According to the Office of Refugee Resettlement, “when a child who is not accompanied by a parent or legal guardian is apprehended by immigration authorities, the child is transferred to the care and custody of the Office of Refugee Resettlement (ORR). Federal law requires that ORR feed, shelter, and provide medical care for unaccompanied children until it is able to release them to safe settings with sponsors (usually family members), while they await immigration proceedings.”

The ORR added that these sponsors “live in many states,” including Indiana, which received 245 unaccompanied minors between January and July 2014. Pence was reportedly unaware that unaccompanied minors were being placed in his state by the federal government, something he said he was made aware of by media reports. These are asylum seeking children, often girls under the age of 10, escaping violence in their countries of origin who arrive at the United States-Mexico border without an adult. Many, including advocacy organizations and the Obama administration, have contended that the circumstances surrounding unaccompanied minors is not simply an immigration issue, but a humanitarian crisis. Not Pence. In a letter to President Obama, the Indiana governor wrote:

While we feel deep compassion for these children, our country must secure its borders and provide for a legal and orderly immigration process …. Failure to expedite the return of unaccompanied children thwarts the rule of law and will only continue to send a distorted message that illegally crossing into America is without consequence.

In the four days since Pence was named Trump’s running mate, he’s also taken a much harsher stance on Muslim immigration. Back in December when Trump called for a “total and complete shutdown of Muslims entering the United States,” Pence tweeted that banning Muslims from entering the United States was “offensive and unconstitutional.” However, on Friday when Pence was officially named Trump’s VP pick, he told Fox News’ Sean Hannity, “I am very supportive of Donald Trump’s call to temporarily suspend immigration from countries where terrorist influence and impact represents a threat to the United States.”

Wendy Feliz of the American Immigration Council told Rewire that while Pence’s rhetoric may not be as inflammatory as Trump’s, it’s important to look at his record in relation to Trump’s to get a better understanding of what the Republican ticket intends to focus on moving into a possible presidency. Immigration, she said, is one of the most pressing issues of our time and has become a primary focus of the election.

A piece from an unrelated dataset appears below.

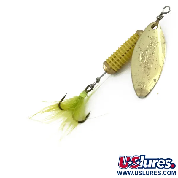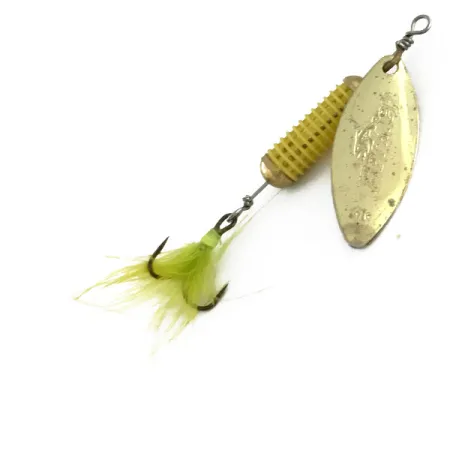 Una vivace palletta a foglia di salice tonalità oro domina il profilo di questo rotante Berkley Scent Vent. Con una lunghezza di 6 cm (2 1/4"), il componente centrale è un distintivo corpo in plastica rigata gialla, specificamente progettato per trattenere e rilasciare l'attrattore durante l'uso. Questo particolare esemplare, identificato dal codice prodotto 9437, è in condizioni 5/5, mostrando finiture metalliche ben conservate e un manicotto di diffusione dell'essenza pulito e intatto. La componentistica presenta un'ancoretta piumata con piume giallo brillante e marabù, che fornisce un elemento visivo morbido dietro il corpo zavorrato. Con un peso di 4,5 g (3/16 oz), la costruzione dell'esca include un robusto asse in metallo e un classico occhiello superiore per un facile fissaggio del filo. Prodotta negli USA, la palletta placcata in oro è stampata con il logo del marchio Berkley, un segno distintivo per i collezionisti di attrezzatura terminale vintage di metà secolo.

“In a few days, we’ll have a better sense of the particular policies the Republican ticket will be pursuing on immigration. It all appears to point to more of the same, which is punitive, the punishing of immigrants,” Feliz said. “My greatest fear is that this ticket doesn’t seem to realize immigrants are actually an incredible resource that fuels our country. I don’t think Trump and Pence is a ticket that values that. An administration that doesn’t value immigrants, that doesn’t value what’s fueled our country for the past several hundred years, hurts all of us. Not just immigrants themselves, but every single American.”